На кухне помимо табуретки, на которой расположилась Гланька, стояло почему-то еще кресло. Едва я уселся в него, Гланя тут же, с неожиданной для ее осыпавшегося самочувствия ловкостью, перепрыгнула на подоконник. Мне даже показалось, что ей было неприятно сидеть рядом со мной, но она тут же положила ножку на спинку моего кресла.
Я подумал, что это со смыслом, поэтому повернулся к Глане и погладил ее лодыжку левой рукой. Но она сразу убрала ногу.
Что ж поделать. Ничего не поделать.
Гланя молча протянула ладонь – и одну секунду думал, что для поцелуя, но потом догадался: она показывала на чашку с чаем. Хорошо, что не поцеловал.
Подал ей чашку – чай и правда был едва теплый.
На стене висела черно-белая фотография, изображающая танцующую девочку в русском наряде.
– Ты? – кивнул я на фото.
Гланя скосилась на свое изображение:
– Да. Десять лет в танцевальной школе. Потом травма, три месяца в больнице… Отец мне сказал тогда: дочка, танцы – это всерьез, это – работа, подумай.
Гланька сжимала руками чашку так, словно о нее можно было согреться.
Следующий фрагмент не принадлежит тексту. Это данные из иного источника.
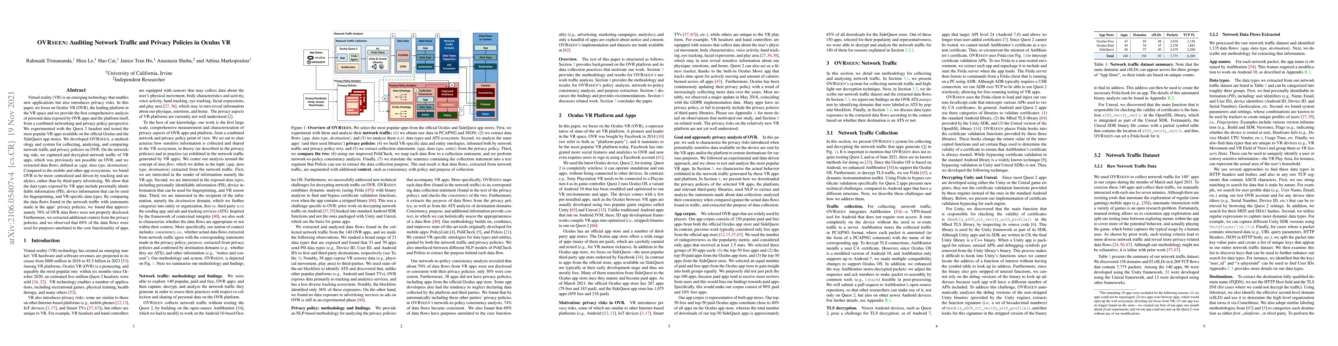 This paper examines the privacy risks associated with Oculus VR (OVR) by analyzing network traffic and privacy policies of popular VR apps. The study developed OVRseen to capture and decrypt network traffic, revealing that OVR apps expose various types of personal data, including PII and device information, often without proper disclosure in privacy policies.

Даже со стороны было заметно, что кисти у нее холодные, почти ледяные – с серым оттенком кожи, с голубыми прожилками…
Я поспешно отогнал от себя мысль о том, что ж такого особенного делает этими руками Гланька, чтоб так их измучить…
– …после разговора с отцом, – сказала Гланя шепотом, – я подумала – и оставила все это.
Мы некоторое время молчали.
В ее словах была какая-то не совсем понятная мне, показавшаяся нарочитой мука. Ну, танцы, ну, не смогла танцевать – зачем это все? Лучше бы опять ножку положила мне на спинку кресла.
– Отец ведь тоже был танцором… Потом ему это очень помогло по дипломатической линии, – еле слышно улыбнулась Гланька.
Впрочем, и об отце она говорила так, словно он давно умер.
Отцовская фотография висела на стене рядом с Гланькиной, вдруг догадался я. На фотографии был изображен чернявый молодой тип, одетый то ли в молдаванский, то ли в румынский костюм – не очень знаю, чем они отличаются. Этот молдавский румын тоже танцевал, на лице его была чудесная улыбка, я с детства ненавижу таких улыбчивых парней.
От Гланькиной квартиры исходило твердое ощущение, что постоянный мужик тут сто лет не живет, а те, кто заходят, – не остаются надолго. Об этом вопило все, что я видел: вешалки, линолеум, батареи, шкафы, краны. И то, что какие-то очень отдельные вещи были починены, а какие-то развинчены вдрызг, – лишь подтверждало мои наблюдения.
Я порыскал глазами в поисках изящных безделиц, которые отец из своих дипломатических путешествий мог бы присылать дочери, – но ничего такого не было. То ли карьера его пошла на спад, то ли он не славился щедростью к своей печальной, забывшей танцы девочке.
Хотя черт бы с этим отцом, откуда мне знать, зачем Гланька про него заговорила.
Но она, замолчав об отце, никаких иных тем вовсе не захотела обсуждать.
Мы странно разговаривали еще, быть может, час, а может, и два – не произнося и двух слов кряду.
Ставили чай – и даже разливали его, – но никто не пил, и чумазые кружки, числом три, полные, остывали на столе.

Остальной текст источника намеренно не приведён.